We do not have a mental health crisis – but there are problems enough that it should be a key priority, says Dr Bernard Trafford

I’m on a train to London for yet another meeting: all the way from Newcastle. It’s worth it, a meeting of a working group formed by HMC – the association of UK independent schools – to discuss wellbeing. Isn’t that way down the list of urgent national priorities, though? I don’t think so: nor does HMC, which is seeking to lead a national debate.

That territory is not without risks. When the independent sector first raised concerns about children’s wellbeing, banner headlines followed: “Mental health crisis in private schools”. We knew it would happen.

Yet the issue’s too important to allow us to soft-pedal for fear of over-reactions. On the contrary, the sector is using every opportunity it can – through sharing knowledge and best practice and even running regional and national conferences – to ensure that it works coherently with the maintained sector to tackle this problem.

A problem it certainly is. As soon as you dare to talk about it, journalists will ask whether there’s a crisis. There isn’t, not in such emotive terms: but the problem’s growing. We are certainly dealing with more cases, partly because they are multiplying, but also because schools are getting better at dealing with them. Children are readier to share their problems.

It’s a huge compliment to a school when a child who is self-harming asks someone in school, the adult they trust most, to help them tell their parents.

I find it humbling when I hear some of the personal, often heart-breaking issues that children just can’t bear to burden their parents with on their own: so they ask the school to help.

So, if the problems are so intractable, what can schools do? The answers are both reactive and proactive. We have to move beyond the stigma of mental illness, and we can certainly equip our workforce, teachers and other staff, to cope better. I’m a fan of Mental Health First Aid training for all staff who want it: currently a quarter of my staff are trained.

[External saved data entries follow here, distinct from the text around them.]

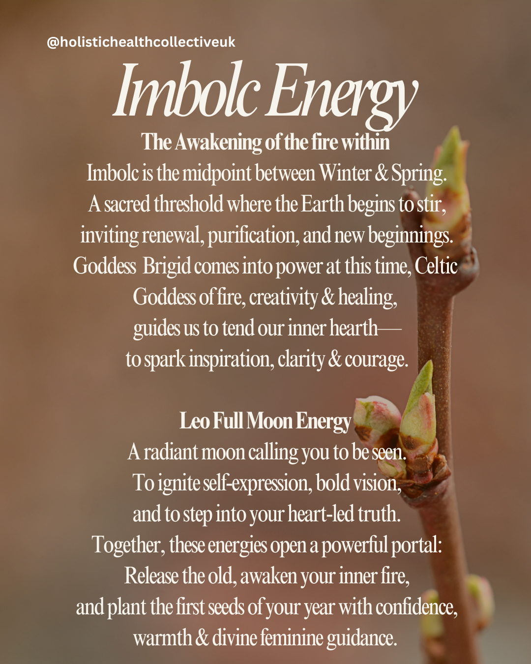 Nature gives us hope of all that is to come in Spring, so Imbolc is the perfect time to embody a sacred pause and feel into what you wish to put your energy towards for the astrological new year and all the wisdom you are bringing forward from winter.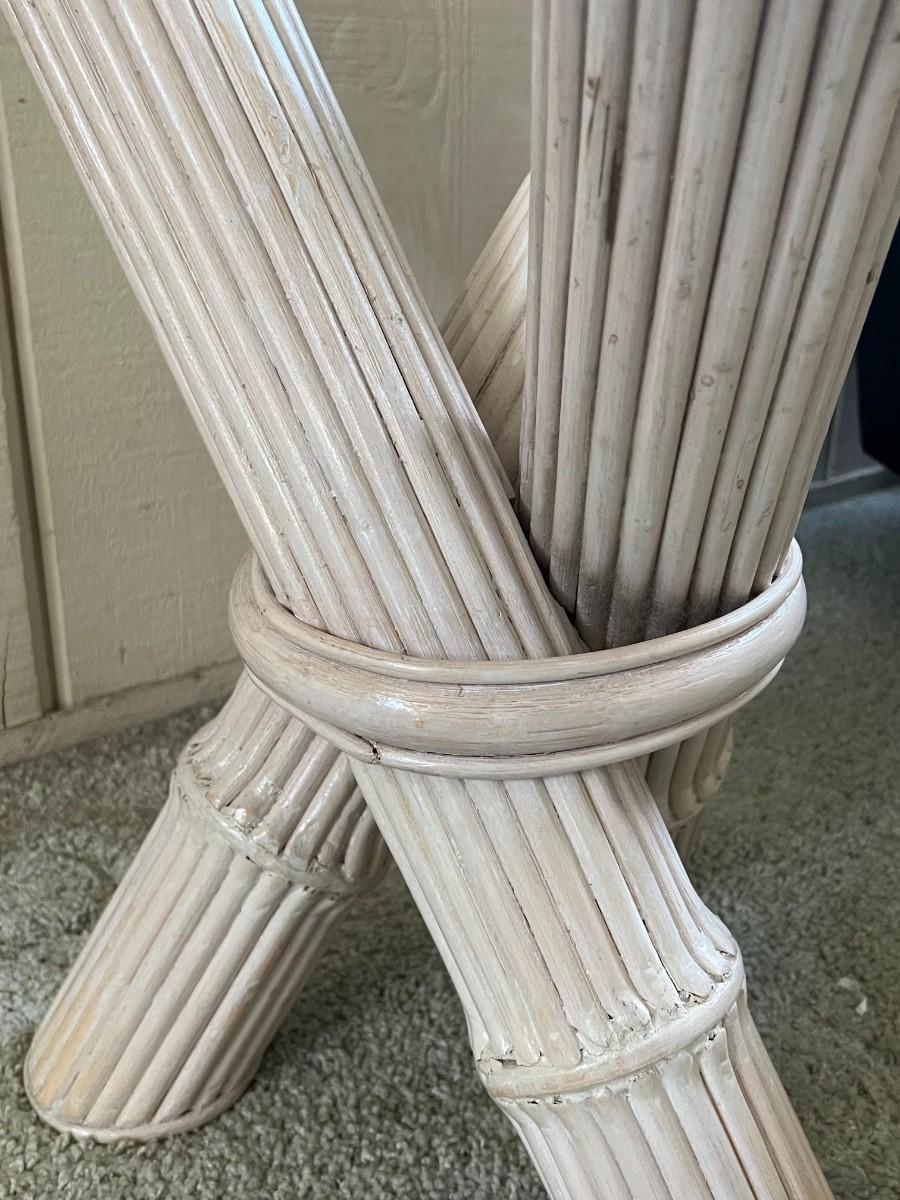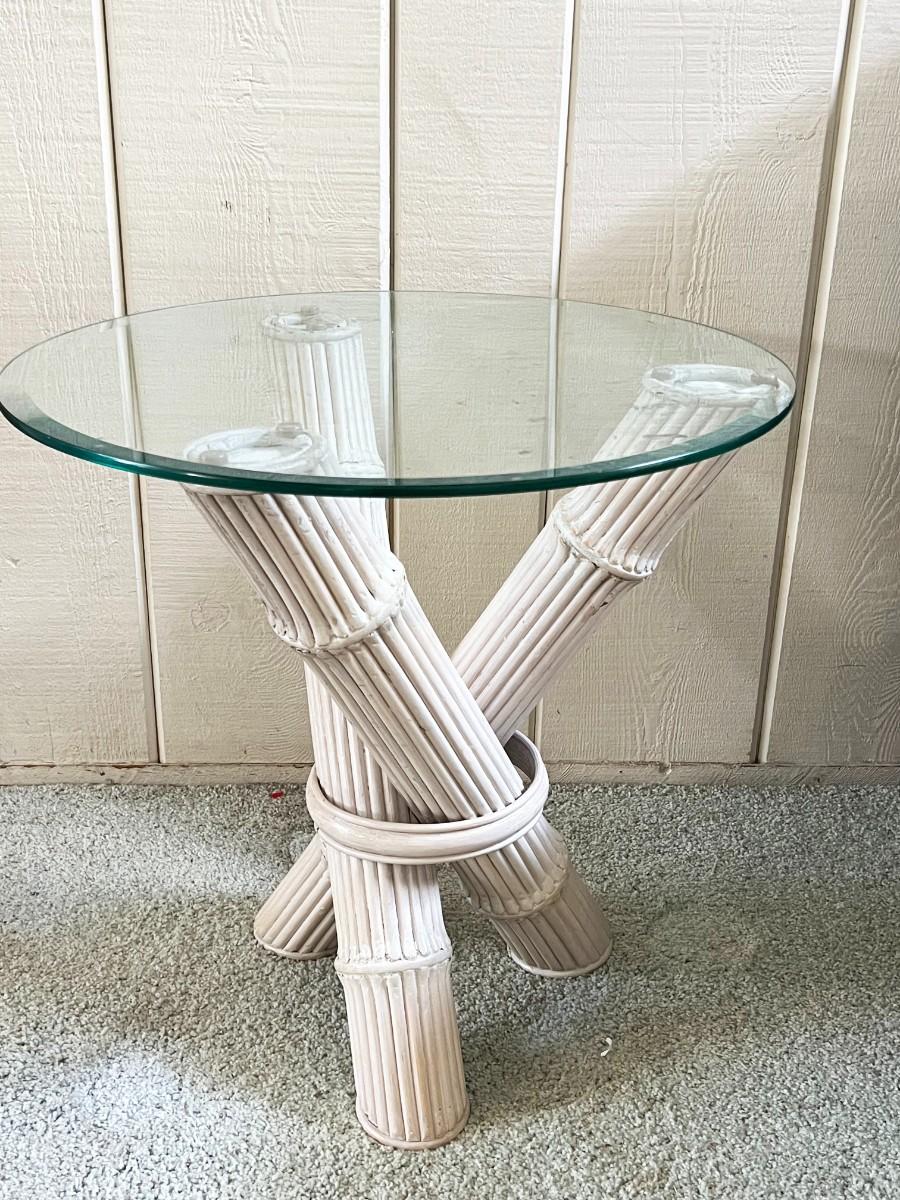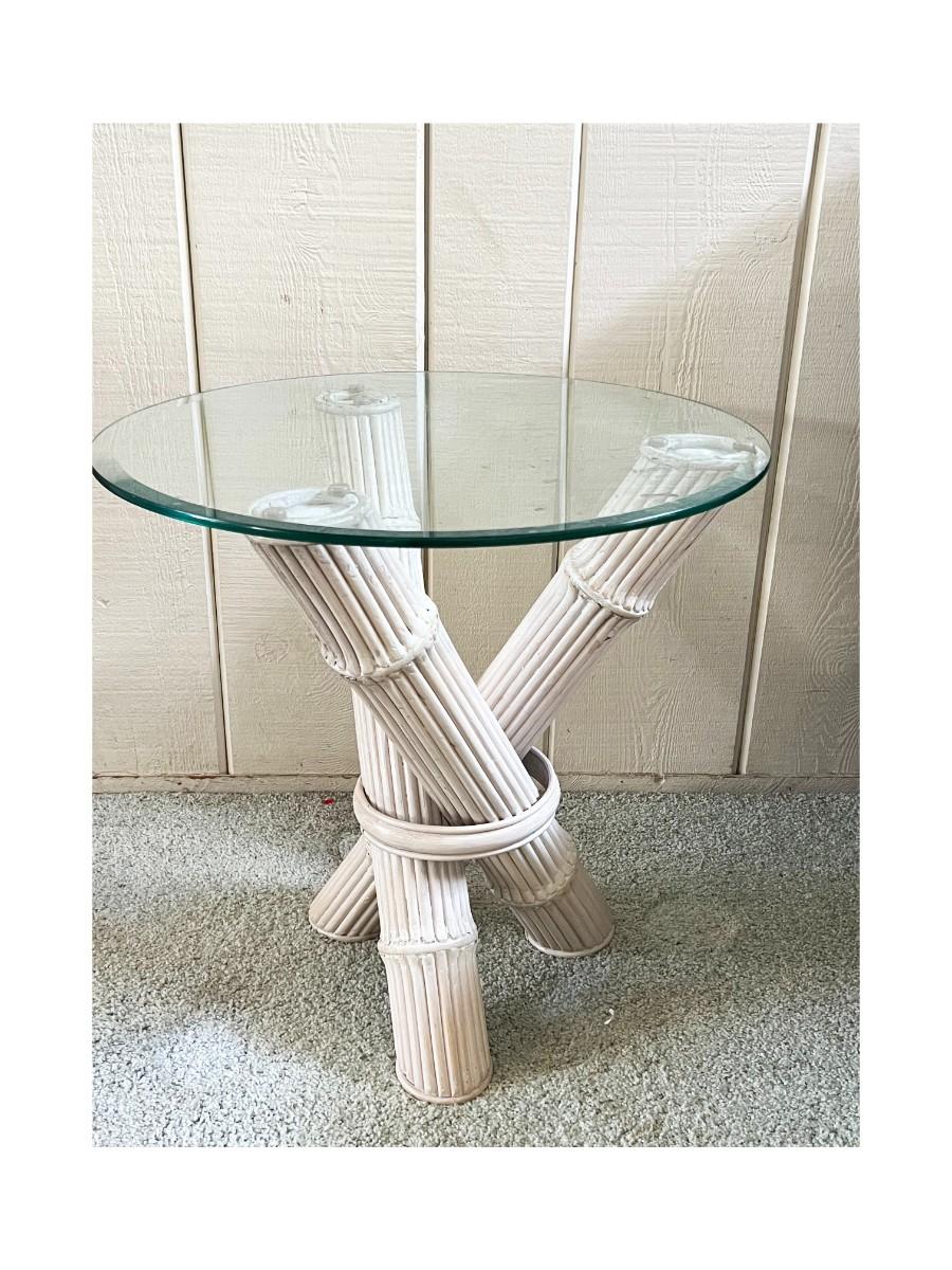 Retro 1980s White Painted Faux Bamboo Tripod Base Glass Round Side Table. Good condition.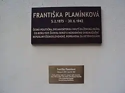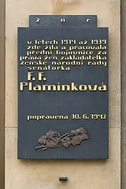 Plaque on the house in Prague where Plamínková lived and worked between 1914 and 1939
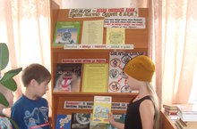 В школьной библиотеке работает выставка к Году экологии. Ребята приходят в библиотеку знакомиться с выставкой.
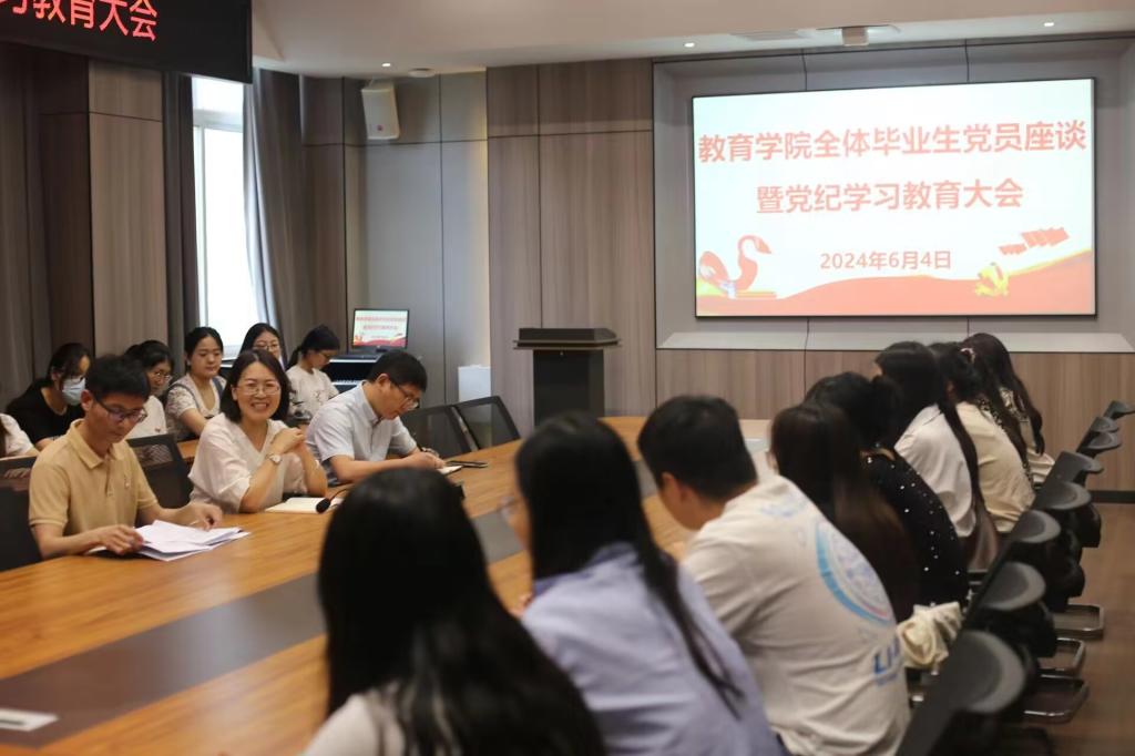 为深入学习贯彻习近平总书记关于党纪学习教育的重要讲话和重要指示精神,做好毕业生党员教育管理和党员组织关系转移工作,引导毕业生党员在新的工作、学习岗位上继续发挥党员的先锋模范作用。6月4日下午,教育学院在社科楼109会议室开展2024届毕业生党员座谈会暨党纪学习教育大会,学院党总支书记刘颖方、党总支委员郝昊、组织员张文龙以及全体毕业生党员参加了会议。
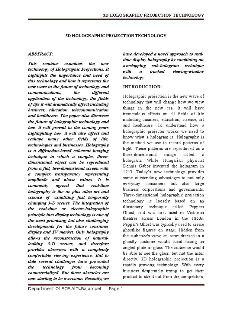 Holographic Projection Technology The World Is Changing Pdf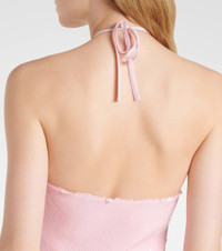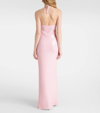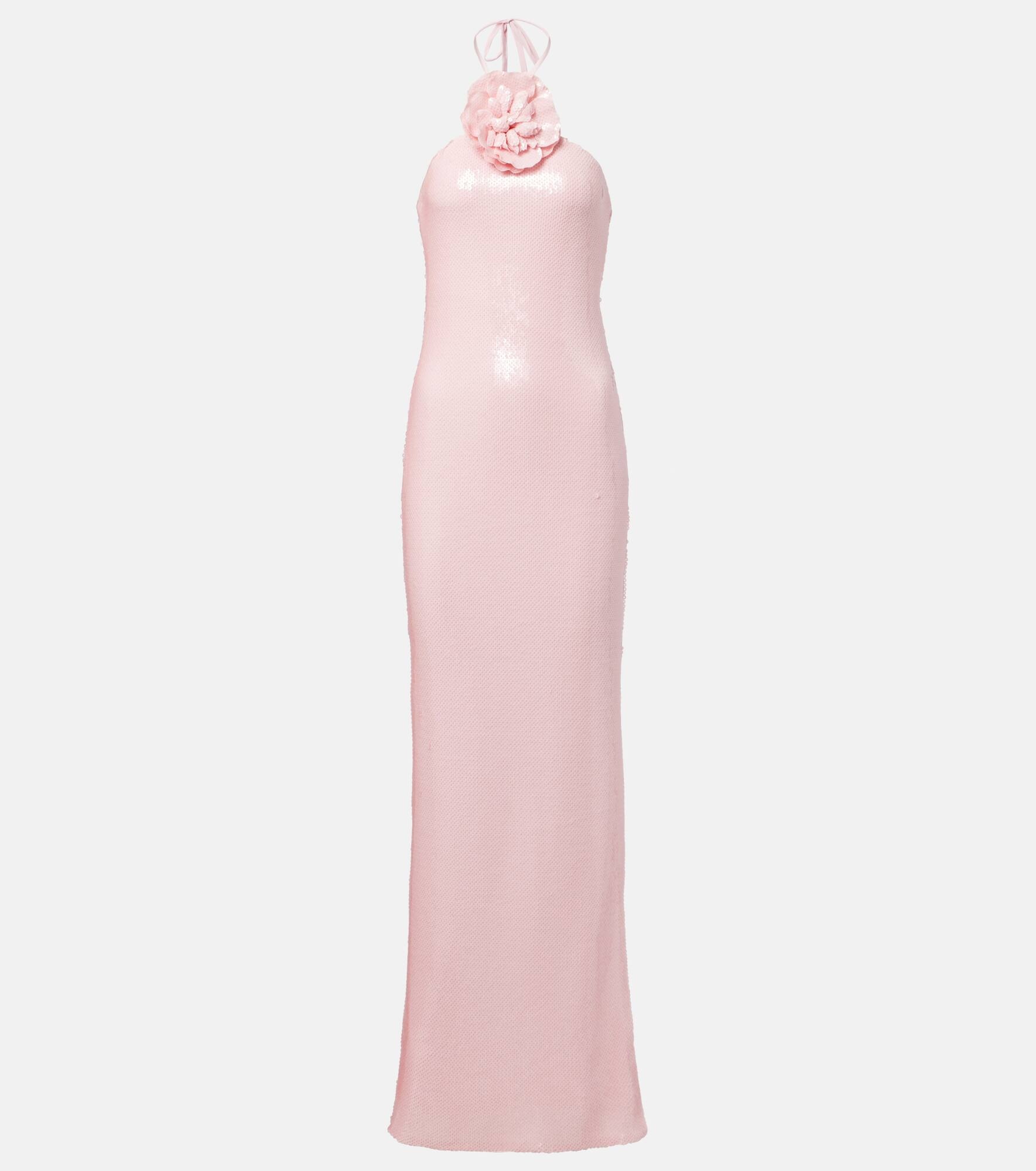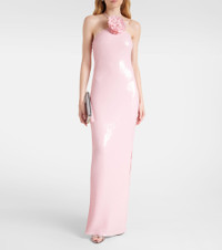 Rodarte puts romance and storytelling at the forefront of its designs. Featuring allover sequin detailing, this column gown is defined by elegant tie-neck closure and an eye-catching floral applique. Product Details - Material: 100% polyester - Care instructions: dry clean - Made in the USA - Designer color name: Pink - Item color: pink - Lining: 91.5% silk, 8.5% elastane - Details: 50% polyester, 50% silk - Closure: zipped side - Item number: P01023693 Size & Fit - True to size - Low back - Fitted - Non-stretchy fabric - The model seen in the picture is 178cm-5'10" and wearing a size US 4

Excellent training is coordinated by Mental Health First Aid England. Such teacher education, plus a more general understanding of the issues among the staff as a whole, renders teachers both more confident and more competent.

As for the proactive side, we must do more work nationally on building resilience. Education secretary Nicky Morgan has acknowledged this, not least in creating Character Awards for schools. I’m not a great fan of such badges, nor of “quick and easy” terms like “grit”. The best definition I’ve heard comes from Dick Moore of the Charlie Waller Trust. He describes resilience as “the ability to bend in the wind, rather than to snap in the hurricane”.

It’s no use just talking about it. I believe strongly that we can give children practice in building resilience through outdoor education, team sports, challenging drama, demanding music, debating and all those traditional and still highly valued extra-curricular activities. They are not “real-life” experiences of adversity: but they do give good practice for when the real thing hits.

Our classrooms are in many ways risk-averse nowadays. We structure our teaching and our children’s learning: we want to inspire them to find their own challenges, but too often we keep it safe and dependable while rigid, predictable exam mark criteria reinforce a perceived need to play safe. Yet it is coping with failure, when things go against us, that calls for true resilience: so we must provide appropriate experiences – more easily found when cold, wet and lost in the hills during a Duke of Edinburgh expedition than tussling with maths on Friday afternoons.

There’s no one answer: but there are many examples of good practice that we can use and share. I hope HMC’s working group will play its part.